Kim S, Narayana S V, Volanakis J E
Department of Medicine, University of Alabama at Birmingham 35294-0006, USA.
J Biol Chem. 1995 Oct 13;270(41):24399-405. doi: 10.1074/jbc.270.41.24399.
Complement factor D is a serine protease regulated by a novel mechanism that depends on conformational changes rather than cleavage of a zymogen for expression of proteolytic activity. The conformational changes are presumed to be induced by the single natural substrate, C3bB, and to result in reversible reorientation of the catalytic center and of the substrate binding site of factor D, both of which have atypical conformations. Here we report that replacement of Ser94, Thr214, and Ser215 of factor D (chymotrypsinogen numbering has been used for comparison purposes) with the corresponding residues of trypsin, Tyr, Ser, and Trp, is sufficient to induce substantially higher catalytic activity associated with a typical serine protease alignment of the catalytic triad residues His57, Asp102, and Ser195. These results provide a partial structural explanation for the low reactivity of "resting-state" factor D toward synthetic substrates.

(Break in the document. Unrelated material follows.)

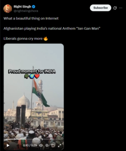 ಹಲವಾರು ಸಾಮಾಜಿಕ ಮಾಧ್ಯಮ ಬಳಕೆದಾರರು ಒಂದು ಕ್ಲಿಪ್ ಅನ್ನು ಹಂಚಿಕೊಂಡಿದ್ದು, ಅದರಲ್ಲಿ ಅಫ್ಘಾನಿಸ್ತಾನವು ಭಾರತದ ರಾಷ್ಟ್ರಗೀತೆಯನ್ನು ನುಡಿಸುತ್ತಿದೆ ಎಂದು ಹೇಳಿಕೊಂಡಿದ್ದಾರೆ. ದೃಢೀಕೃತ X ಬಳಕೆದಾರ ‘rightwingchora’ ಅಂತಹ ಕ್ಲಿಪ್ ಅನ್ನು: “ಅಂತರ್ಜಾಲದಲ್ಲಿ ಎಂತಹ ಸುಂದರ ವಿಷಯ. ಅಫ್ಘಾನಿಸ್ತಾನವು ಭಾರತದ ರಾಷ್ಟ್ರಗೀತೆ “ಜನ ಗನ ಮನ”ವನ್ನು ನುಡಿಸುತ್ತಿದೆ” ಉದಾರವಾದಿಗಳು ಇನ್ನಷ್ಟು ಅಳಲಿದ್ದಾರೆ”, ಎಂಬ ಶೀರ್ಷಿಕೆಯೊಂದಿಗೆ ಹಂಚಿಕೊಂಡಿದ್ದಾರೆ. 167,000ಕ್ಕೂ ಹೆಚ್ಚು ವೀಕ್ಷಣೆಗಳನ್ನು ಗಳಿಸಿದ ಈ ಪೋಸ್ಟ್ ಜೊತೆಗೆ ಭಾರತೀಯ ತ್ರಿವರ್ಣ ಧ್ವಜವನ್ನು ಹಾರಿಸುವಾಗ ಮಸೀದಿಯ ಮುಂದೆ ಭಾರತದ ರಾಷ್ಟ್ರಗೀತೆ ನುಡಿಸುತ್ತಿರುವುದನ್ನು ಗೌರವಯುತವಾಗಿ ನಿಂತಿದ್ದ ದೊಡ್ಡ ಜನಸಮೂಹವು ನೋಡುತ್ತಿರುವ 29 ಕ್ಷಣಗಳ ಕ್ಲಿಪ್ ಅನ್ನು ಲಗತ್ತಿಸಲಾಗಿದೆ. ಪೋಸ್ಟ್ ಅನ್ನು ಕೆಳಗೆ ನೋಡಿ-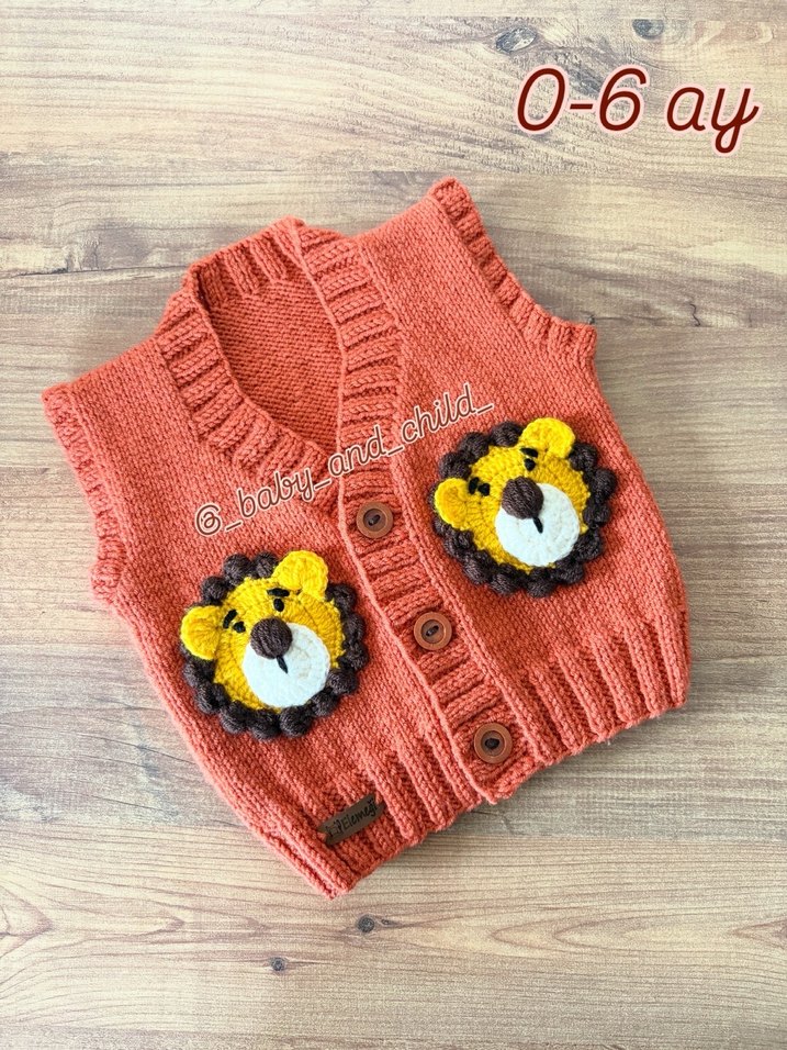 Renkli nakışlı aslan detaylı, kahverengi, kolsuz, bol kesim erkek bebek triko yelek. 0-6 ay arası için uygun, rahat streetwear tarzı.

补体因子D是一种丝氨酸蛋白酶,其受一种新机制调控,该机制依赖于构象变化而非通过酶原裂解来表达蛋白水解活性。推测构象变化由单一天然底物C3bB诱导产生,并导致因子D催化中心和底物结合位点发生可逆重排,这两者均具有非典型构象。在此我们报道,将因子D的Ser94、Thr214和Ser215(为便于比较使用了胰凝乳蛋白酶原编号)替换为胰蛋白酶的相应残基Tyr、Ser和Trp,足以诱导出与催化三联体残基His57、Asp102和Ser195的典型丝氨酸蛋白酶排列相关的显著更高的催化活性。这些结果为“静止状态”因子D对合成底物的低反应性提供了部分结构解释。